Because P is self-adjoint, there exists an orthonormal basis{ $u_1,...,u_n$} of V consisting of eigenvectors of P; say, $P(u_i)=\lambda_iu_i$. Since P is self-adjoint, the $\lambda_i$ are real, also, since $0≤ \langle P(u_i),u_i \rangle = \lambda_i\langle u_i,u_i \rangle$ and $\langle u_i,u_i \rangle ≥ 0$, $\lambda_i$ ≥ 0 for all $\lambda_i$."
The rest of the proof defines $T(u_i)=\sqrt{\lambda_i}u_i$ for i=1,...,n and shows how $T^2=P$

Now for the question itself: Consider the operator T defined by $T(u_i)=\sqrt{\lambda_i}u_i$, $i=1,...,n$ in the above proof. Show that T is positive and that it is the only positive operator for which $T^2=P$.

2. Homework Equations
N/A

The Attempt at a Solution

I have already proven that $T$ is positive with relative ease, my problem is proving its uniqueness. I have tried to define a second positive operator $T'$ such that $T'^2=P$ and show that $T'=T$. I've tried showing they agree on a basis, using their properties as self-adjoint operators by messing around with inner products and so on but with no success.
Help would be appreciated.

 

[Ray Vickson]

Homework Statement

The problem relates to a proof of a previous statement, so I shall present it first:
"Suppose P is a self-adjoint operator on an inner product space V and $\langle P(u),u \rangle$ ≥ 0 for every u ∈ V, prove P=T² for some self-adjoint operator T.

Because P is self-adjoint, there exists an orthonormal basis{ $u_1,...,u_n$} of V consisting of eigenvectors of P; say, $P(u_i)=\lambda_iu_i$. Since P is self-adjoint, the $\lambda_i$ are real, also, since $0≤ \langle P(u_i),u_i \rangle = \lambda_i\langle u_i,u_i \rangle$ and $\langle u_i,u_i \rangle ≥ 0$, $\lambda_i$ ≥ 0 for all $\lambda_i$."
The rest of the proof defines $T(u_i)=\sqrt{\lambda_i}u_i$ for i=1,...,n and shows how $T^2=P$

Now for the question itself: Consider the operator T defined by $T(u_i)=\sqrt{\lambda_i}u_i$, $i=1,...,n$ in the above proof. Show that T is positive and that it is the only positive operator for which $T^2=P$.

2. Homework Equations
N/A

The Attempt at a Solution

I have already proven that $T$ is positive with relative ease, my problem is proving its uniqueness. I have tried to define a second positive operator $T'$ such that $T'^2=P$ and show that $T'=T$. I've tried showing they agree on a basis, using their properties as self-adjoint operators by messing around with inner products and so on but with no success.
Help would be appreciated.

Why do you need uniqueness? The question (if accurately reproduced) does not claim that the $T$ you get is unique. (In fact, it cannot be unique, since both $T$ and $-T$ satisfy the theorem!)

 

[Adgorn]

Why do you need uniqueness? The question (if accurately reproduced) does not claim that the $T$ you get is unique. (In fact, it cannot be unique, since both $T$ and $-T$ satisfy the theorem!)

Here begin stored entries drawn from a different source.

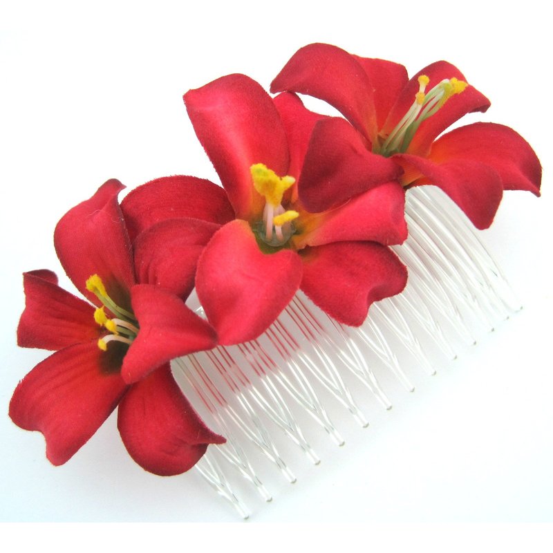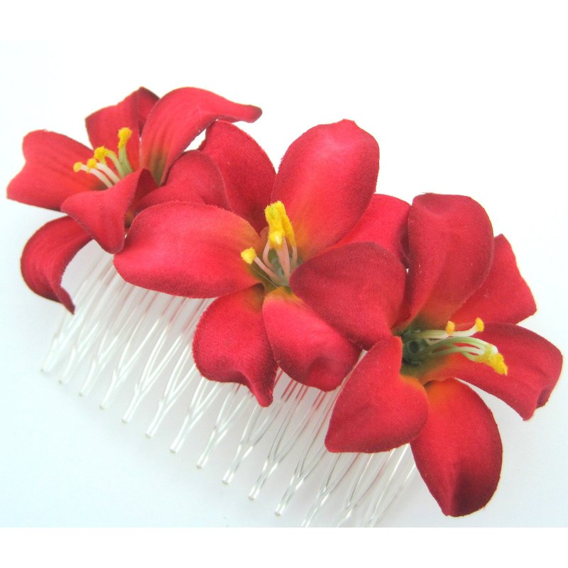 - Triple red lily silk flower hair comb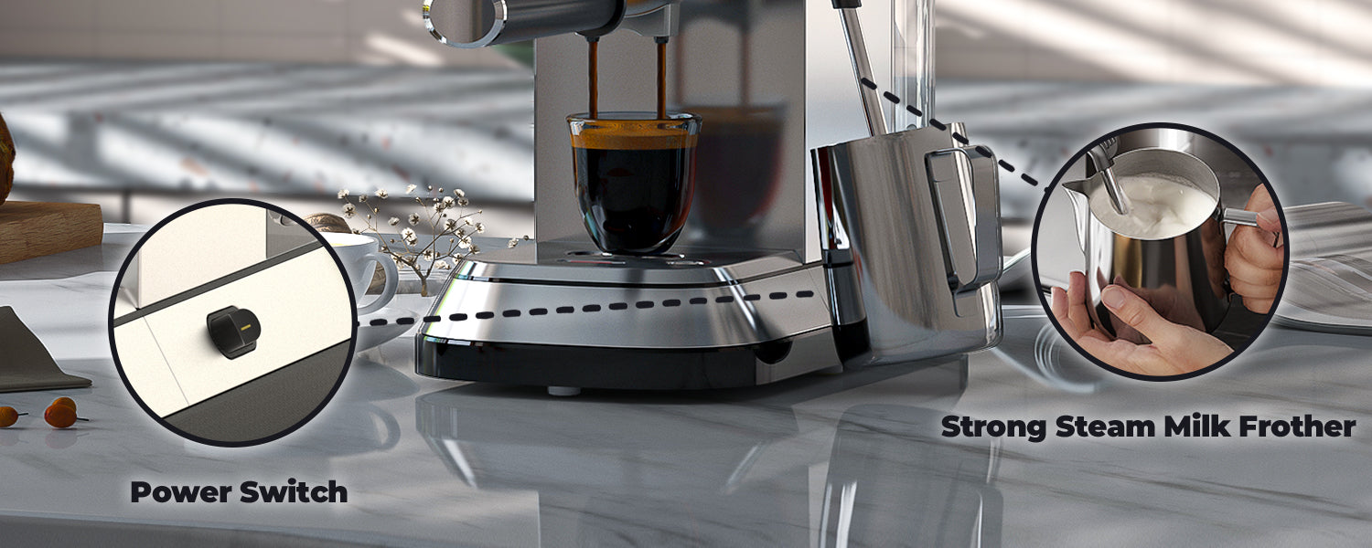 Smart and Convenient Functions: This best espresso machine is designed with smart functionality to make your coffee routine easier and more enjoyable. A cleaning reminder automatically alerts you when it’s time for descaling, helping to maintain hygiene, prevent limescale build-up, and extend the lifespan of your machine with minimal effort. The power-off memory function remembers the coffee mode you selected before the last power loss, so you won’t have to reset your preferences every time. Just power it on and you’re ready to brew your favorite drink instantly.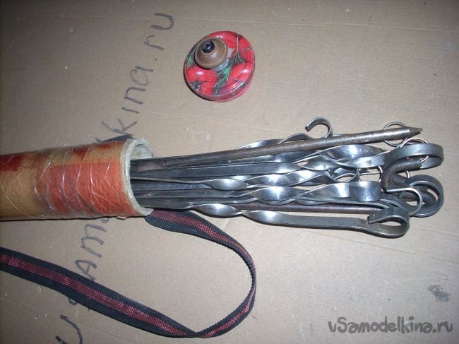 Да, совсем забыл... Ещё я вырезал кружок из толстой резины и затолкал его на дно тубуса, чтобы шампура не пробивали дно.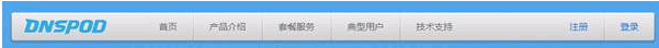 訪問http://www.dnspod.cn網(wǎng)站,在DNSPod官網(wǎng)首頁的右上角,有【注冊】,如下圖所示,點擊【注冊】按鈕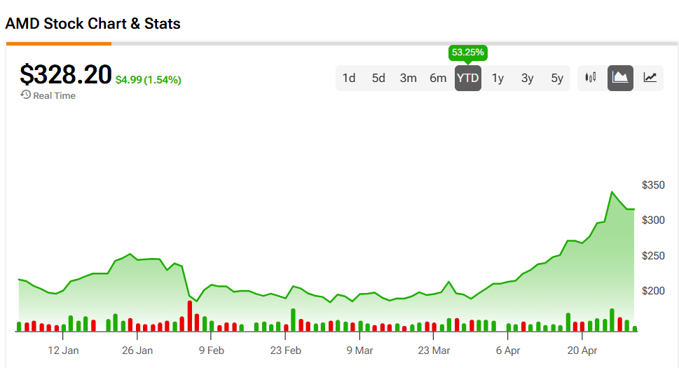 AMD 주식은 수요일 1.54% 상승했으며, 연초 대비 53.25% 상승세를 이어갔다. 주가는 또한 지난 12개월 동안 232.01% 급등했다.

The original proof does not say claim T is unique but a remark below it says "The above operator T is the unique positive operator such that $P=T^2$, it is called the positive square root of P". In any case even if the theorem does not claim it, the question asks me to prove it.
Also while $-T$ might satisfy the theorem it does not contradict the question since the questions asks to prove T is the only positive operator for which $T^2=p$, since $-T$ is clearly not positive it is not relevant to the question.